Onethousand day-old female breeder chicks were placed in 4 pens with 250 birds each receiving 2 dietary treatments with 2 pens each treatment in a litter floored light proof pullet house. Male chicks were reared separately. Control pullets received a diet with 0.35%AP added inorganic phosphorus. Phytase treated pullets received a diet with 0.25%AP, supplemented with 300 U/kg phytase. At 22 weeks of age, 800 pullets were allocated to 8 pens in a curtain sided, slat litter breeder house. There were 100 hens per pen. Four pens each received either a control diet containing 0.3%AP without phytase or a phytase diet containing 0.1%AP supplemented with 300U/kg phytase. In the first 22 weeks, there was no significant difference in mortality, body weight or weight uniformity between control and phytase treatment groups. Every 4 weeks, 40 birds from each treatment were measured for shank and keel length and 4 birds from each treatment were killed for measurement of digestive tract length including large intestine & ceca, small intestine, pancreas and gizzard. Blood samples were taken from 40 hens in each treatment to determination of plasma total protein, calcium and phosphorous. Litter samples were taken for determination of litter phosphorus.
The nutritional value of de-germed, de-hulled corn for pigs and its impact on the gastrointestinal tract and nutrient excretion
Moeser et al. (J Animal Science 43, 10) from North Carolina State University designed three experiments to assess the feeding value and potential environmental benefits of feeding de-germed, de-hulled corn, a low fibre by-product originating from the corn dry milling process, to pigs. To South Africans this product is know as mealie meal.

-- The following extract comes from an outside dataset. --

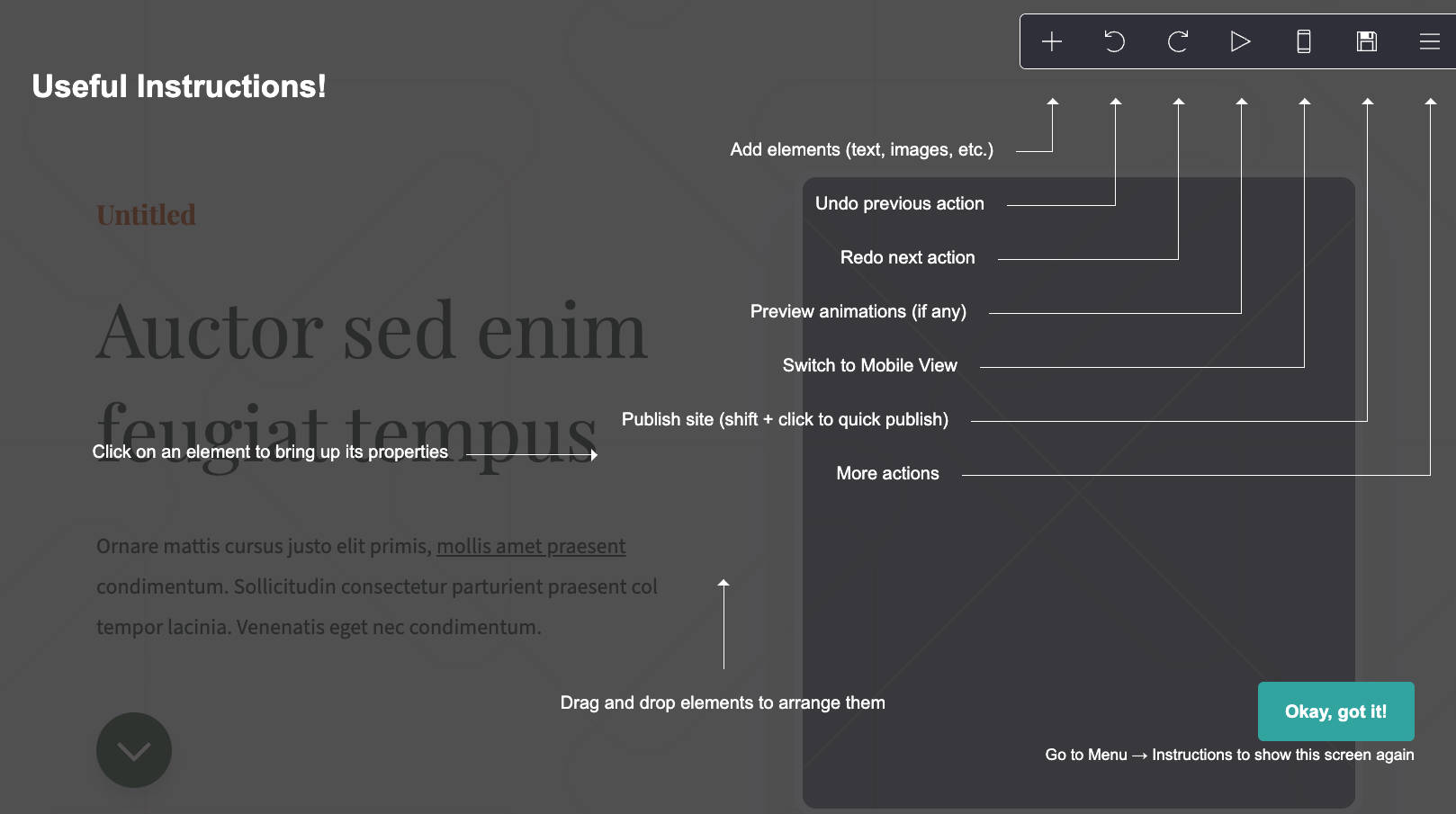 Schermo per le istruzioni di CARRD.CO

Twelve 27-kg (SE = 0.8) barrows were used in Exp. 1 to measure the apparent faecal digestibility of DM, GE and N of de-germed, de-hulled corn compared with corn grain. Two diets were formulated to contain either 96.4% of de-germed, de-hulled corn or corn grain plus supplemental vitamins and minerals. Digestibility of DM, GE, and N was greater in de-germed, de-hulled corn (96.2, 96.0, and 93.6%, respectively) compared with corn grain (89.0, 89.0, and 78.4%, respectively) (P < 0.01). Overall, a 67 and 29% reduction in DM and N excretion, respectively, was observed.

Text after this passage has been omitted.